▶ **TASK GOAL**: In the entries below, find the line with "Kontrolden çıkan TIR'ın" and the line with "얻어갈 수 있기를 바란다."; reproduce those two lines and all lines between them exactly, without pictures.

▶ **THE RECORDS**:
-*-*-
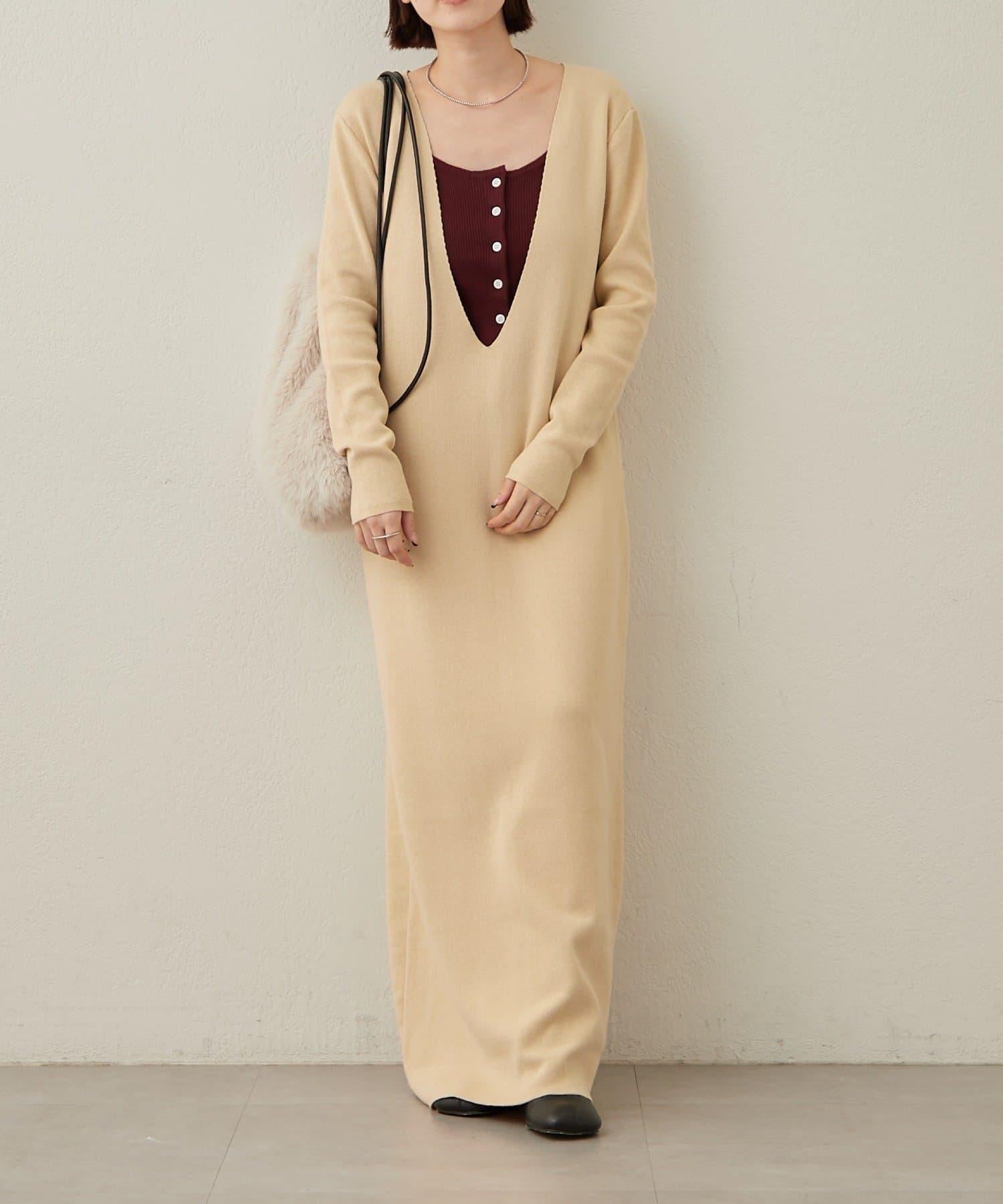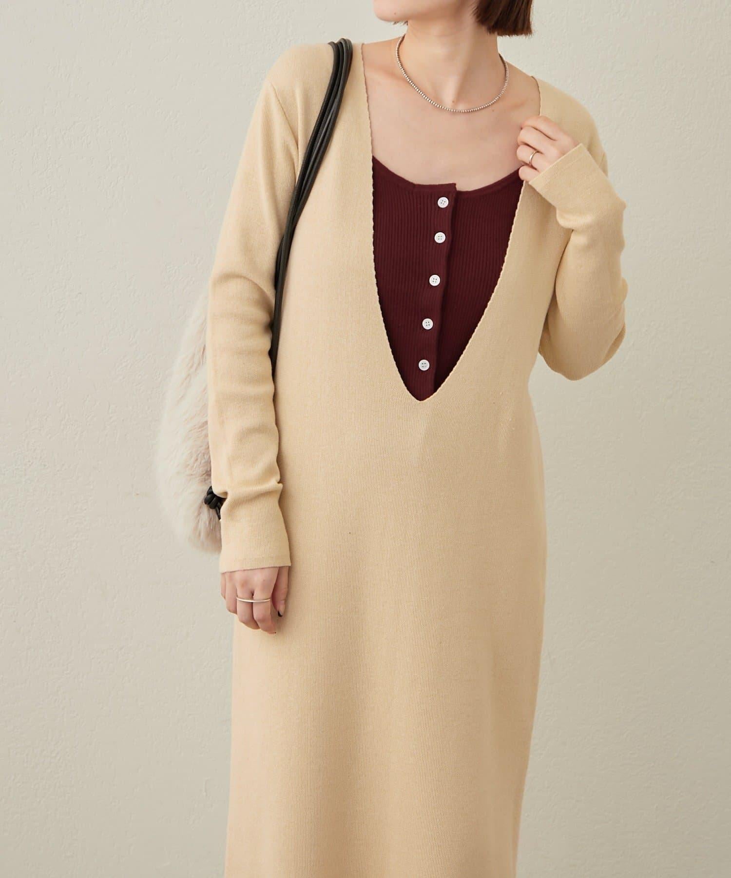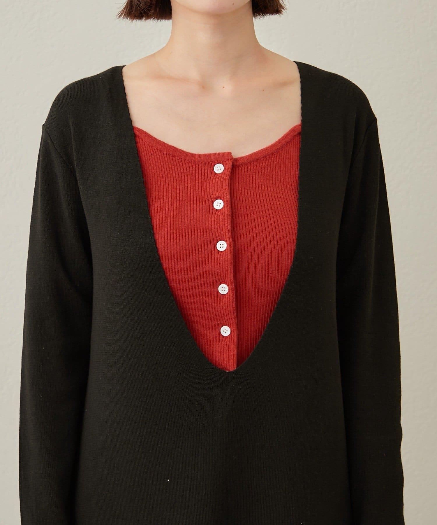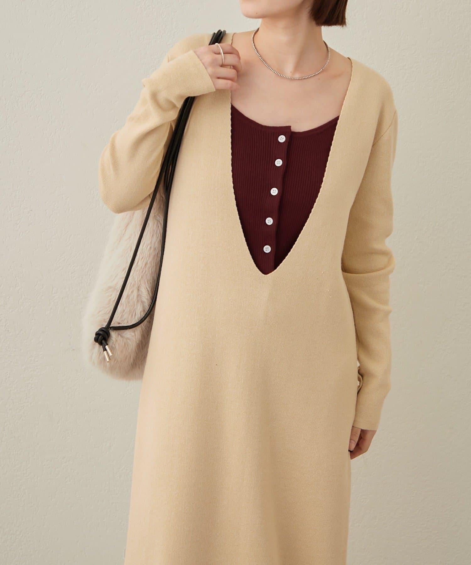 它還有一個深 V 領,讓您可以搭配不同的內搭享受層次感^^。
-*-*-
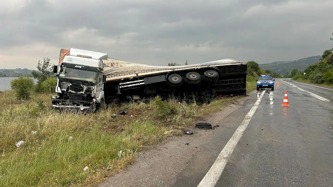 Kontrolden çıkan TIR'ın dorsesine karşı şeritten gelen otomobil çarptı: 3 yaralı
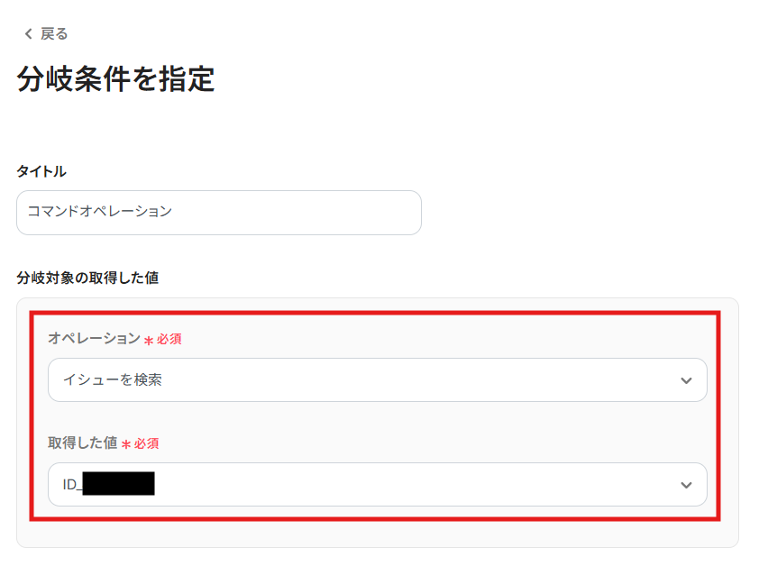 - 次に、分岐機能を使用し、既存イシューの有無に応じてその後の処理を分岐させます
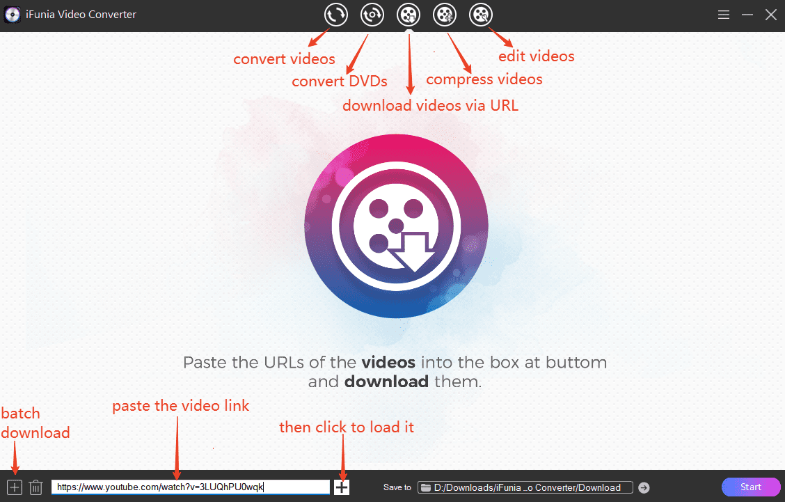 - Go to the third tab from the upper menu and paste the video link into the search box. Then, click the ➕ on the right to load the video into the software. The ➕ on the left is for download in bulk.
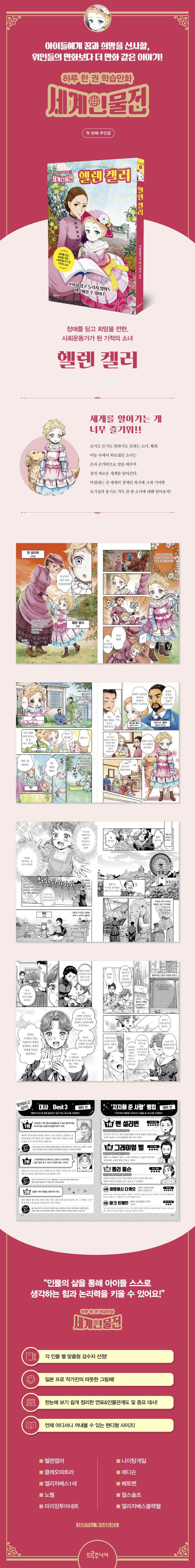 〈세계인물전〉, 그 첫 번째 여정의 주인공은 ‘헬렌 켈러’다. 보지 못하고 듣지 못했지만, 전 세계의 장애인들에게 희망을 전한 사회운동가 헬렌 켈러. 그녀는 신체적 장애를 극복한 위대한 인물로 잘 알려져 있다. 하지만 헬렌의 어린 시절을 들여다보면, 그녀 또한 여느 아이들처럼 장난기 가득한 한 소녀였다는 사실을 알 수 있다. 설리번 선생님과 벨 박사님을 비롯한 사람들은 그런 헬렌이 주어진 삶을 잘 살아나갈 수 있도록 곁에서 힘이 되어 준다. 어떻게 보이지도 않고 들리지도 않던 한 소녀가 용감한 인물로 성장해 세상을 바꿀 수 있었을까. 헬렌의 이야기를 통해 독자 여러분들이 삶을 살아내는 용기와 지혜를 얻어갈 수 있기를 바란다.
-*-*-
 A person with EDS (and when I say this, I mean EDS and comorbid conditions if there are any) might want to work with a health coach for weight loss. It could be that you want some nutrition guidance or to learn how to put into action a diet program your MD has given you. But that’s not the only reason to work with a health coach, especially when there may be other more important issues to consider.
-*-*-
▶ **REPLY TO THE TASK**:
 Kontrolden çıkan TIR'ın dorsesine karşı şeritten gelen otomobil çarptı: 3 yaralı
 - 次に、分岐機能を使用し、既存イシューの有無に応じてその後の処理を分岐させます
 - Go to the third tab from the upper menu and paste the video link into the search box. Then, click the ➕ on the right to load the video into the software. The ➕ on the left is for download in bulk.
 〈세계인물전〉, 그 첫 번째 여정의 주인공은 ‘헬렌 켈러’다. 보지 못하고 듣지 못했지만, 전 세계의 장애인들에게 희망을 전한 사회운동가 헬렌 켈러. 그녀는 신체적 장애를 극복한 위대한 인물로 잘 알려져 있다. 하지만 헬렌의 어린 시절을 들여다보면, 그녀 또한 여느 아이들처럼 장난기 가득한 한 소녀였다는 사실을 알 수 있다. 설리번 선생님과 벨 박사님을 비롯한 사람들은 그런 헬렌이 주어진 삶을 잘 살아나갈 수 있도록 곁에서 힘이 되어 준다. 어떻게 보이지도 않고 들리지도 않던 한 소녀가 용감한 인물로 성장해 세상을 바꿀 수 있었을까. 헬렌의 이야기를 통해 독자 여러분들이 삶을 살아내는 용기와 지혜를 얻어갈 수 있기를 바란다.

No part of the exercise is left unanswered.